*Try it:* The required output is the lines of the listing from the beginning through the line containing "Conrail. GP-38 #7904", each copied exactly, without any pictures.

*Provided entries:*

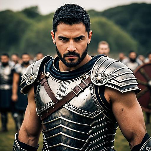 A mysterious ancient warrior echoing myths of Hercules, wearing majestic armor adorned with golden leaves with a lion emblem. The artwork is a highly detailed digital painting, showcasing glowing accents and intricate designs, inspired by the styles of wlop, Mars Ravelo, and Greg Rutkowski.
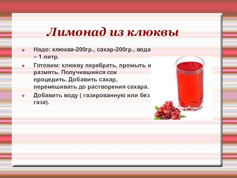 Надо: клюква-200гр., сахар-200гр., вода – 1 литр.
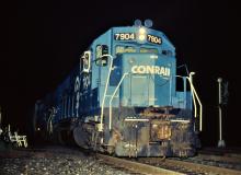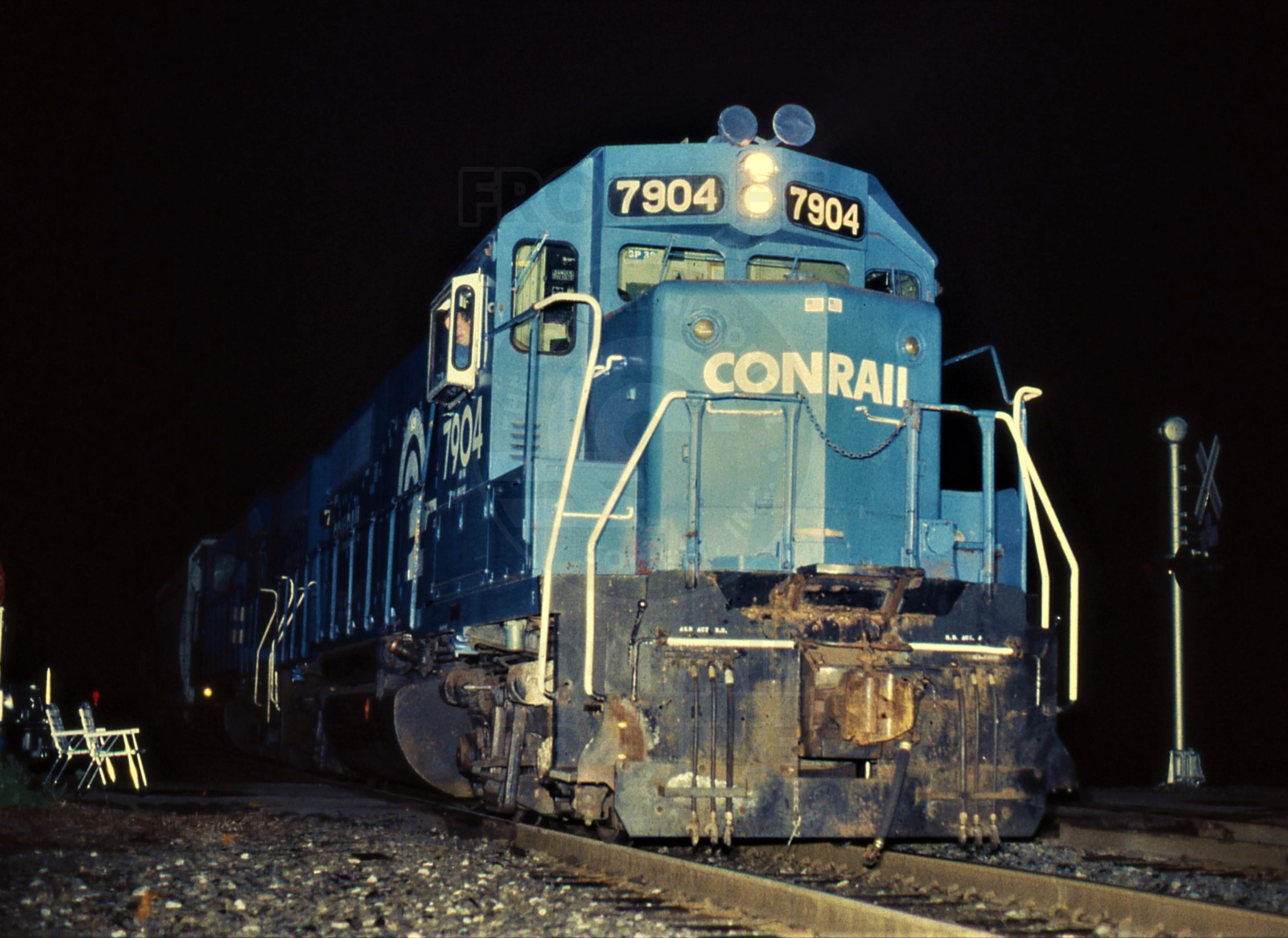 Conrail. GP-38 #7904 with eastbound freight at Prospect Avenue crossing, Piscataway, NJ. The evening of July 18,1982 photo was taken with a Nikon FM-2 film camera, the shutter speed was 1/125sec, with the aperture of f2.8 & the Vivitar 5200 flash set on 'manual' discharge. I have 2 Nikon FM-2 cameras, the older one has a flash sync of 1/125 & the newer one has a flash sync of 1/250 sec. I used the Kodak improved Ektachrome with an ASA of 200. Less grain than the old Kodak 160 ASA. Although the track speed is 50 MPH, this train was traveling approximately 40 MPH. Looks like the air hose is a bit low!
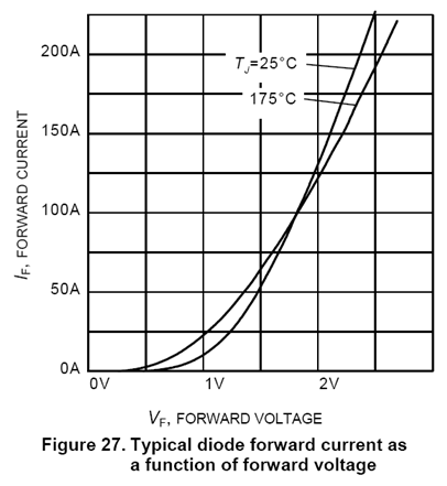 In the Freewheeling Diode Characteristics dialog box, each tab corresponds to one freewheeling diode characteristic curve, that is, If = f(Vf) at a specific junction temperature Tj. These characteristics are obtained from the forward diode characteristic supplied by the device manufacturer as illustrated below.
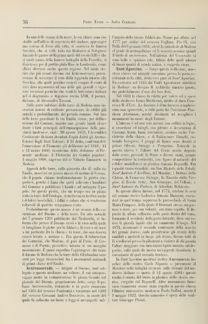 In una delle stanze della torre, le cui cliiau sono cu-Studite Ml'uOMo di segreteria «lei sindaco, appesa per lina catena di ferro alla vòlta, si conserva la famosa Secchia, clic si filile tolta dai Modenesi ai Bolognesi duraci.-.le guerre della prima metà del secolo XIII e clic si vuole causa della famosa battaglili della Fossalta, si disastrosa per il parlilo ghibellino ni Lombardia, come dio!» (Ikevasi nuche questa regione. Nel siinlo storico che pili avanti daremo sui fasti modenesi, procureremo di sceverare il vero dalla leggenda intorno alla Secchia, alla quale peraltro resterà sempre il vaulo di ave: dato argomento ad una delle più geniali e vigorose creazioni poetiche clic vanti la letteratura italiana nel fi disgraziato e depresso secolo XVII, il poema, diciamo, di Alessandro Tassoni.

*Problem solution:*
 A mysterious ancient warrior echoing myths of Hercules, wearing majestic armor adorned with golden leaves with a lion emblem. The artwork is a highly detailed digital painting, showcasing glowing accents and intricate designs, inspired by the styles of wlop, Mars Ravelo, and Greg Rutkowski.
 Надо: клюква-200гр., сахар-200гр., вода – 1 литр.
 Conrail. GP-38 #7904 with eastbound freight at Prospect Avenue crossing, Piscataway, NJ. The evening of July 18,1982 photo was taken with a Nikon FM-2 film camera, the shutter speed was 1/125sec, with the aperture of f2.8 & the Vivitar 5200 flash set on 'manual' discharge. I have 2 Nikon FM-2 cameras, the older one has a flash sync of 1/125 & the newer one has a flash sync of 1/250 sec. I used the Kodak improved Ektachrome with an ASA of 200. Less grain than the old Kodak 160 ASA. Although the track speed is 50 MPH, this train was traveling approximately 40 MPH. Looks like the air hose is a bit low!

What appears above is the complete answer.